Dataset extract:
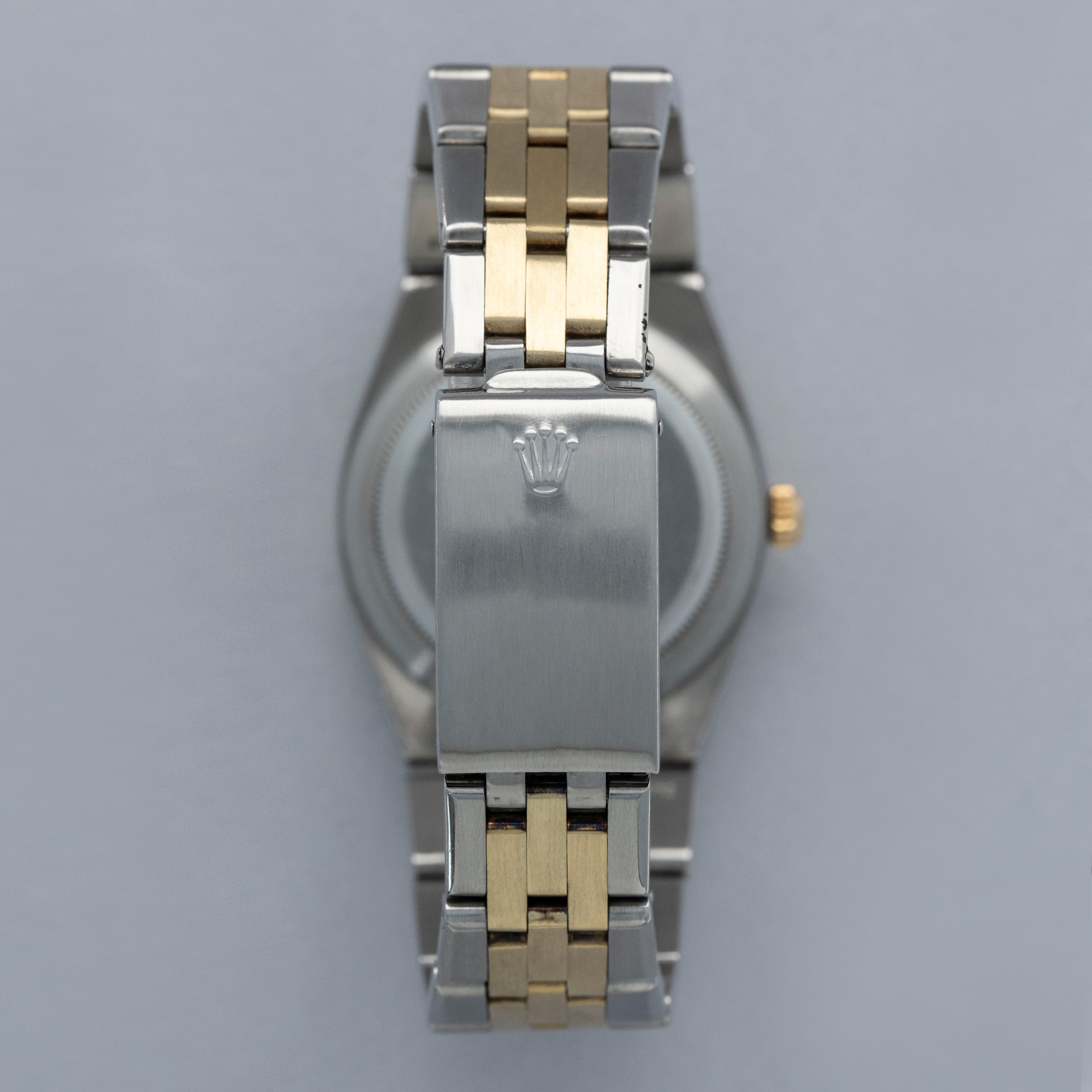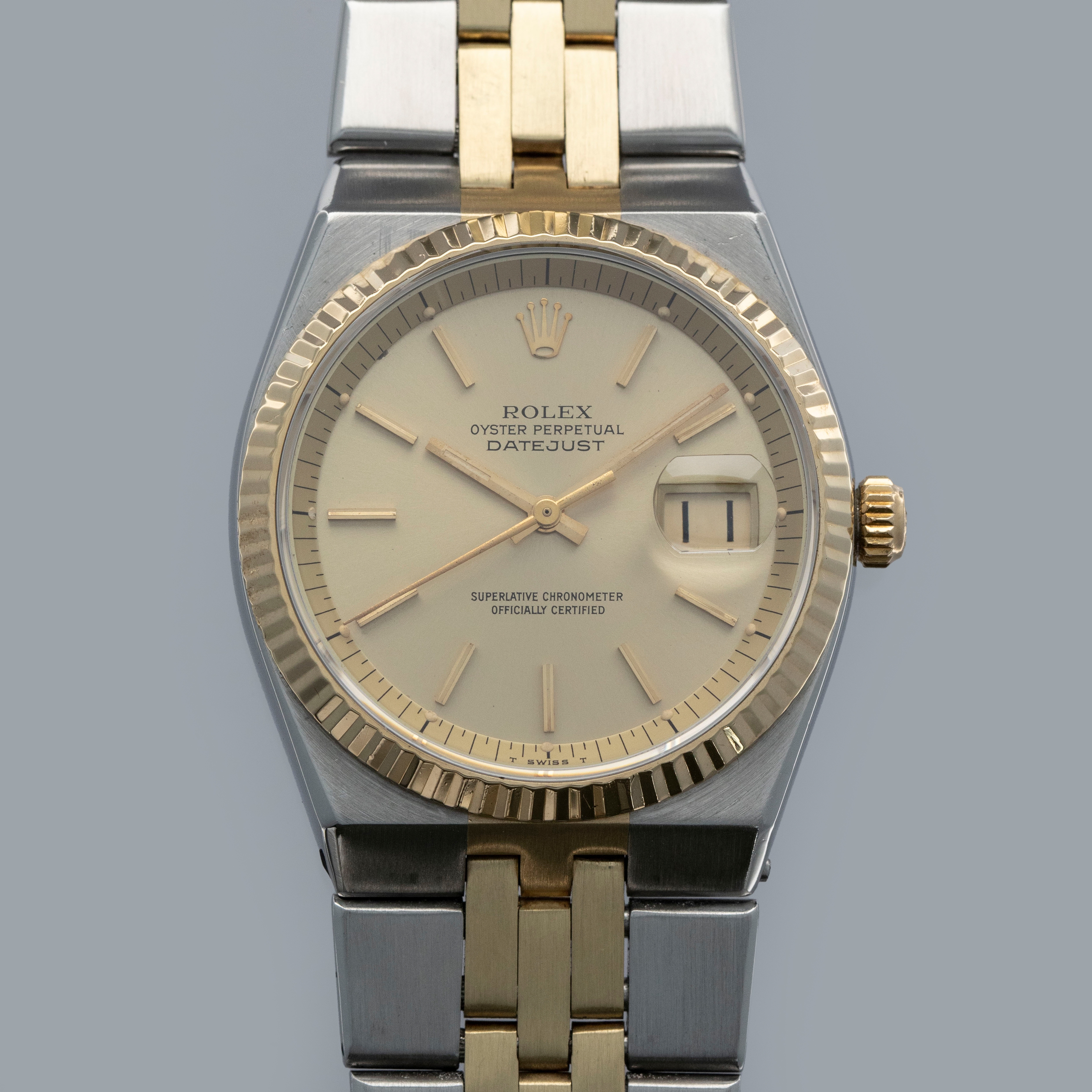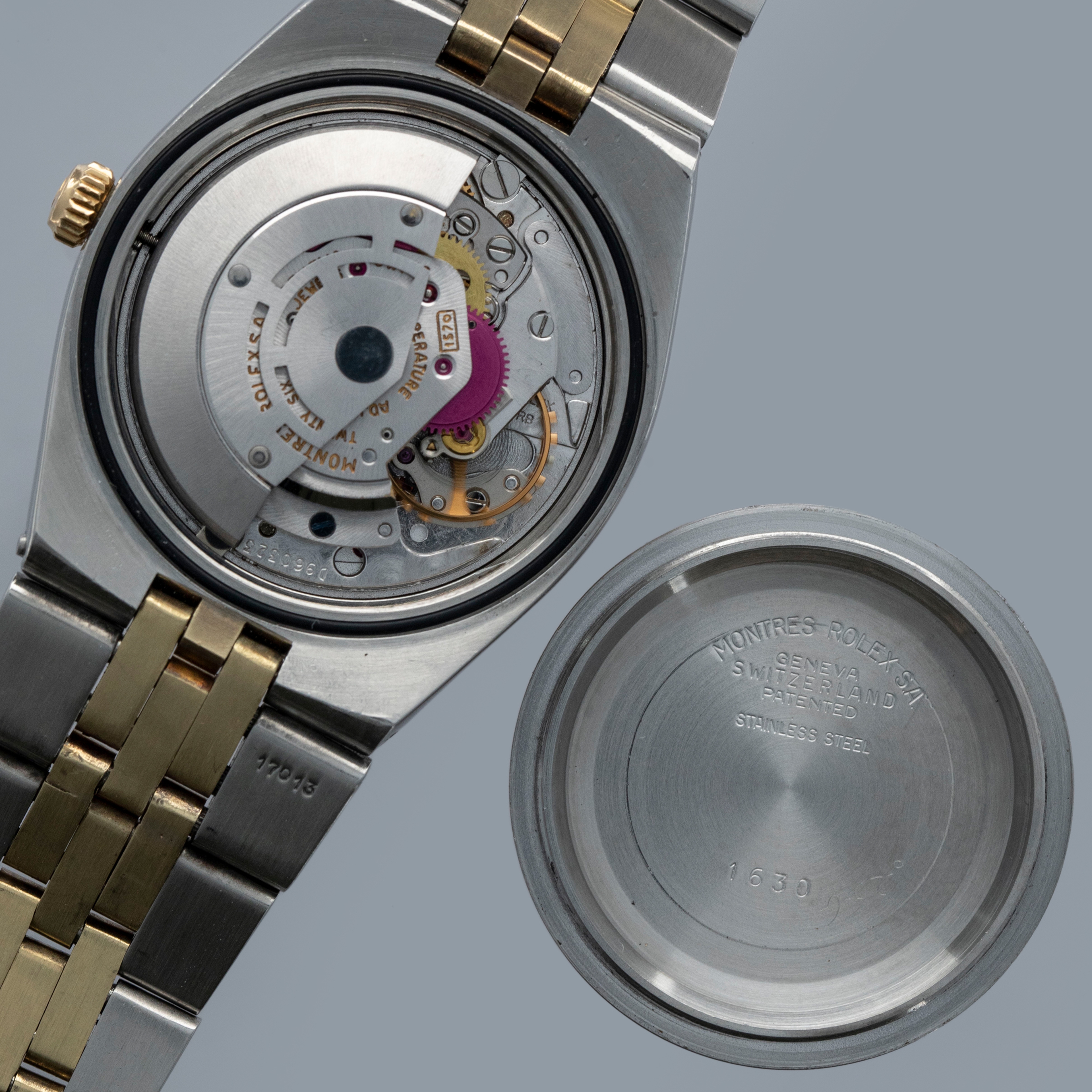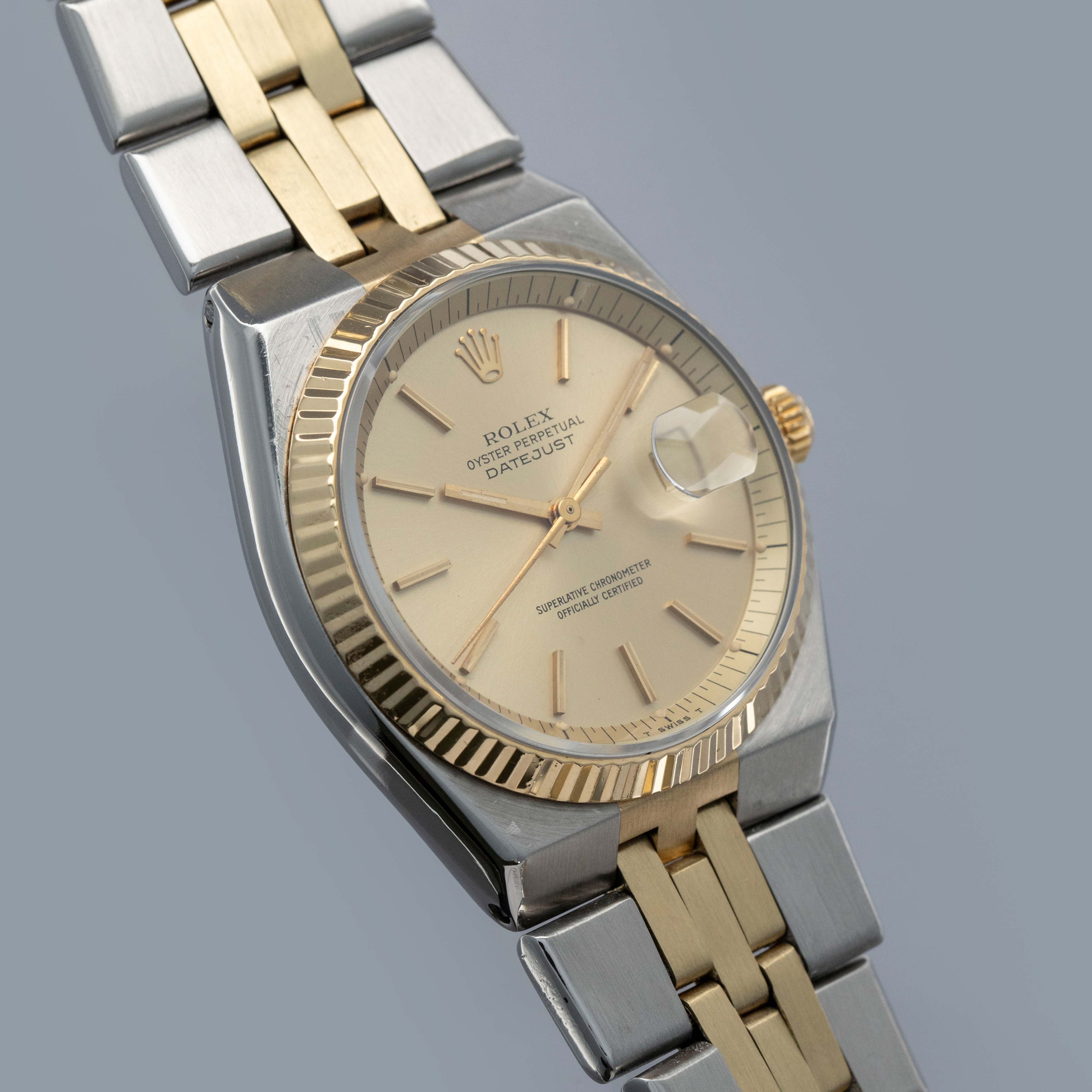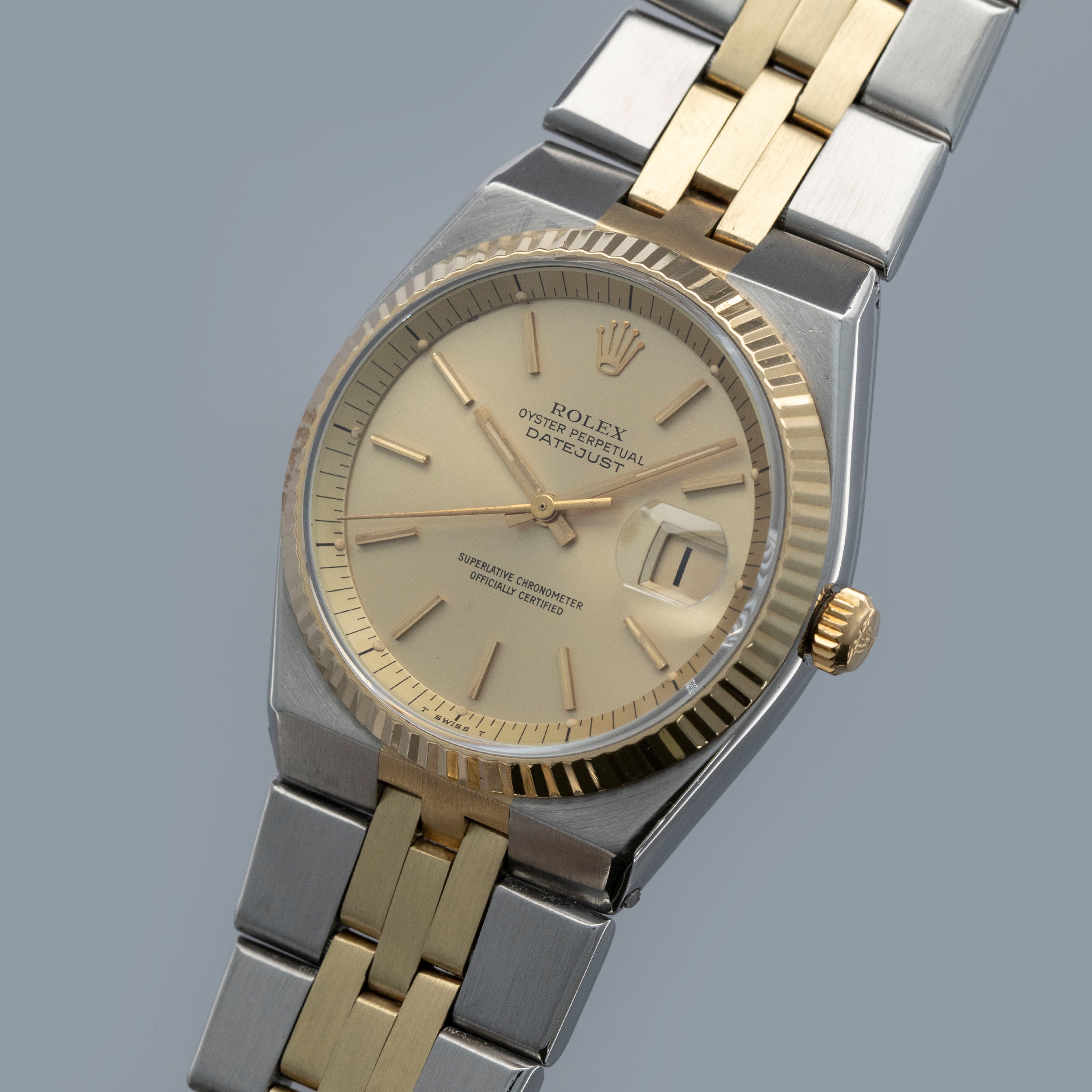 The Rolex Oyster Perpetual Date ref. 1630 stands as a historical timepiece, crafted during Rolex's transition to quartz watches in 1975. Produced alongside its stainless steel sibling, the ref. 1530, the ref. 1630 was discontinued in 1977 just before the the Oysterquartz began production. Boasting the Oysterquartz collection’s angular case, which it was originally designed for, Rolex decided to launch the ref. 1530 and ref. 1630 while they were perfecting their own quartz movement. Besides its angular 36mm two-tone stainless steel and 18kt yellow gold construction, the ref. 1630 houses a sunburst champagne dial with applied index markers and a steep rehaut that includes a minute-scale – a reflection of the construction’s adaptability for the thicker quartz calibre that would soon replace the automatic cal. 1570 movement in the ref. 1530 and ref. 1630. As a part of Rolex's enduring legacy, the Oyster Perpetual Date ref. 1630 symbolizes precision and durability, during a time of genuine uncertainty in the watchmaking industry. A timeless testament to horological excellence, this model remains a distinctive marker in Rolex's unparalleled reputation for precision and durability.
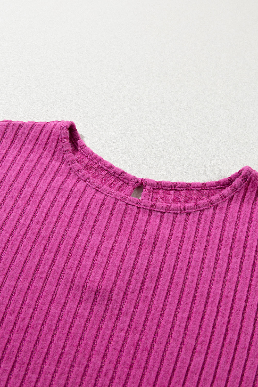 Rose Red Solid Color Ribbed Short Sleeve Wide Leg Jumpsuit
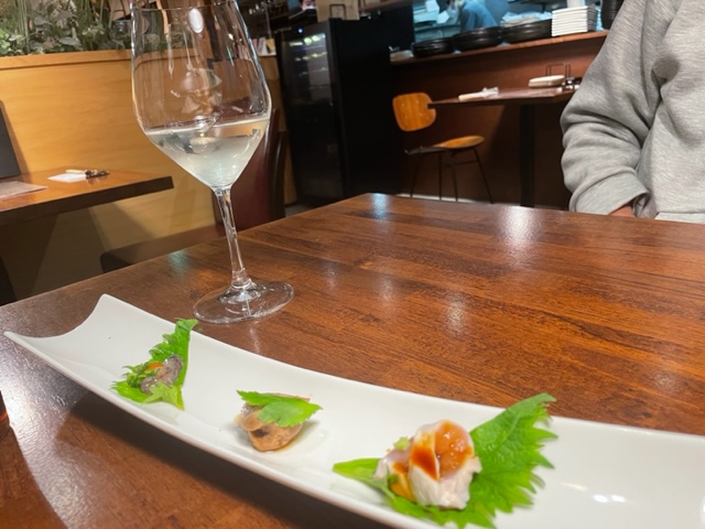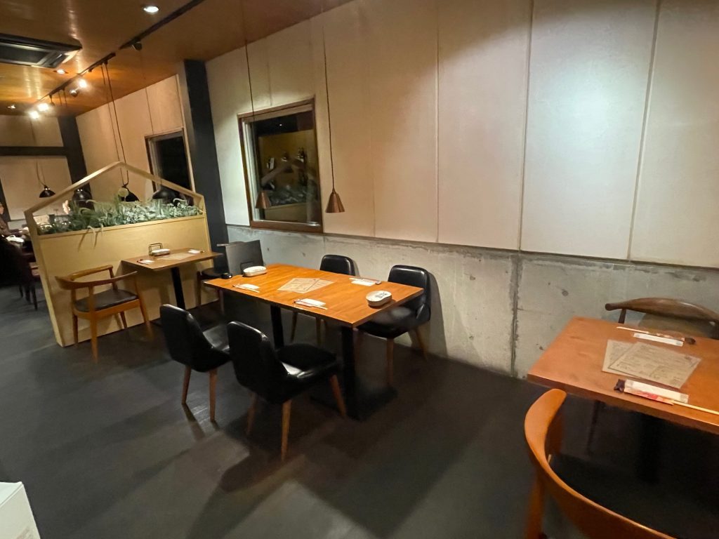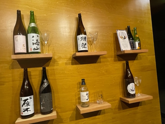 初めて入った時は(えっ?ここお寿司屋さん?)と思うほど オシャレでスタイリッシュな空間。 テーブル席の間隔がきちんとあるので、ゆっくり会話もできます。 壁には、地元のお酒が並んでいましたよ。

What you are asked to do:
With the pictures omitted, print each line of the data above precisely as given.

Result of the task:
 The Rolex Oyster Perpetual Date ref. 1630 stands as a historical timepiece, crafted during Rolex's transition to quartz watches in 1975. Produced alongside its stainless steel sibling, the ref. 1530, the ref. 1630 was discontinued in 1977 just before the the Oysterquartz began production. Boasting the Oysterquartz collection’s angular case, which it was originally designed for, Rolex decided to launch the ref. 1530 and ref. 1630 while they were perfecting their own quartz movement. Besides its angular 36mm two-tone stainless steel and 18kt yellow gold construction, the ref. 1630 houses a sunburst champagne dial with applied index markers and a steep rehaut that includes a minute-scale – a reflection of the construction’s adaptability for the thicker quartz calibre that would soon replace the automatic cal. 1570 movement in the ref. 1530 and ref. 1630. As a part of Rolex's enduring legacy, the Oyster Perpetual Date ref. 1630 symbolizes precision and durability, during a time of genuine uncertainty in the watchmaking industry. A timeless testament to horological excellence, this model remains a distinctive marker in Rolex's unparalleled reputation for precision and durability.
 Rose Red Solid Color Ribbed Short Sleeve Wide Leg Jumpsuit
 初めて入った時は(えっ?ここお寿司屋さん?)と思うほど オシャレでスタイリッシュな空間。 テーブル席の間隔がきちんとあるので、ゆっくり会話もできます。 壁には、地元のお酒が並んでいましたよ。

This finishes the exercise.